We first prove it for $p = \infty$. We have
$$ |x_i^{(k)} -x_i| \leq \max_{1 \leq i \leq n} |x_i^{(k)}-x_i| = \|x^{(k)} - x\|_\infty$$And so, convergence with respect to $\|\cdot \|_\infty$ (the right-hand side tends to zero as $k \to \infty$) implies that each of the individual components converge.
Now, assume that each of the individual components converge. For every $\epsilon > 0$ there exists $N_i(\epsilon)$ such that $k \geq N_{i}(\epsilon)$ implies that
$$ |x_i^{(k)} -x_i| < \epsilon.$$Given $\epsilon > 0$, let $k \geq \max_{1\leq i \leq n} N_{i} (\epsilon)$. Then
$$ |x_i^{(k)} -x_i| < \epsilon, \quad \text{for every } 1 \leq i \leq n$$and hence $\|x^{(k)} - x\|_\infty < \epsilon$.
To prove the theorem for general $1 \leq p < \infty$ we show $x^{(k)}$ converges to $x$ with respect to $\|\cdot\|_\infty$ if and only if it converges to $x$ with respect to $\|\cdot \|_p$. First, for any $x \in \mathbb R^n$ we have
$$ \|x\|_p = \left( \sum_{i=1}^n |x_i|^p \right)^{1/p} \leq \left( \sum_{i=1}^n \max_{1 \leq i \leq n} |x_i|^p \right)^{1/p} = \left( n \max_{1 \leq i \leq n} |x_i|^p \right)^{1/p} = n^{1/p} \|x\|_\infty. $$Replacing $x$ with $x^{(k)} - x$ we have that $\|x^{(k)} - x\|_p \leq n^{1/p} \|x^{(k)} - x\|_\infty$. Thus convergence with respect to $\|\cdot \|_\infty$ implies convergence with respect to $\|\cdot\|_p$.
For the reverse inequality, note that for any $1 \leq j \leq n$
$$|x_j| \leq \left(\sum_{i = 1}^n |x_i|^p \right)^{1/p}$$Indeed, if $x_j = 0$, this follows immediately.
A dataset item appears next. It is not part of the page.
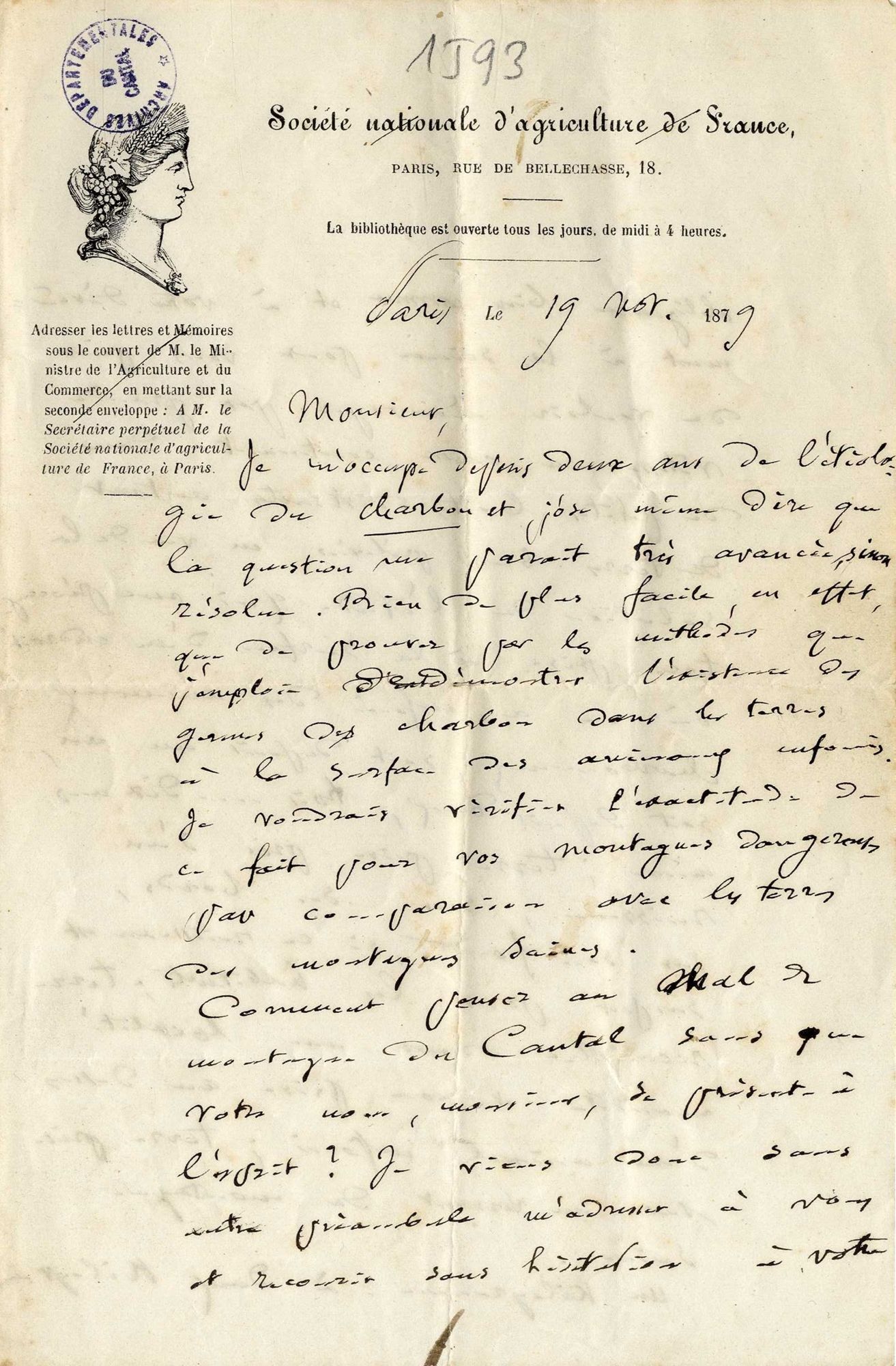 Lettre de Louis Pasteur au vétérinaire Pierre Marret (1879)

If $x_j \neq 0$ then
$$\left(\sum_{i = 1}^n |x_i|^p \right)^{1/p} = |x_j| \underbrace{\left( 1 + \sum_{i \neq j} \frac{|x_i|^p}{|x_j|^p} \right)^{1/p}}_{\geq 1} \geq |x_j| $$$$ \|x\|_\infty = \max_{1 \leq j \leq n} |x_j| \leq \left(\sum_{i = 1}^n |x_i|^p \right)^{1/p} = \|x\|_p.$$Replacing $x$ with $x^{(k)} - x$ we have that $\|x^{(k)} - x\|_\infty \leq \|x^{(k)} - x\|_p$. Thus convergence with respect to $\|\cdot \|_p$ implies convergence with respect to $\|\cdot\|_\infty$.
The final logic is the following:
If a sequence converges with respect to $\|\cdot\|_p$, it converges with respect to $\|\cdot\|_\infty$ and therefore the individual components converge.
If the individual components converge, the sequence converges with respect to $\|\cdot\|_\infty$ and it then converges with respect to $\|\cdot\|_p$.
We can also define norms on the set of all $n \times m$ matrices. We will just concentrate on norms for square $n \times n$ matrices. A matrix norm $\|\cdot \|$ should satisfy the following for all $n \times n$ matrices $A$ and $B$ and real numbers $\alpha$
Note the last condition. This requires more than norms for vectors.
The distance between to matrices is then defined as $\|A - B\|$, as in the case of vectors.
We can construct a matrix norm from a vector norm.
Let $\|\cdot\|$ be a norm on vectors in $\mathbb R^n$. Then
$$ \|A\| = \max_{\|x\| = 1} \|Ax\|$$gives a matrix norm.
This is called the induced matrix norm.
Therefore $\|A + B\| \leq \|A\| + \|B\|$.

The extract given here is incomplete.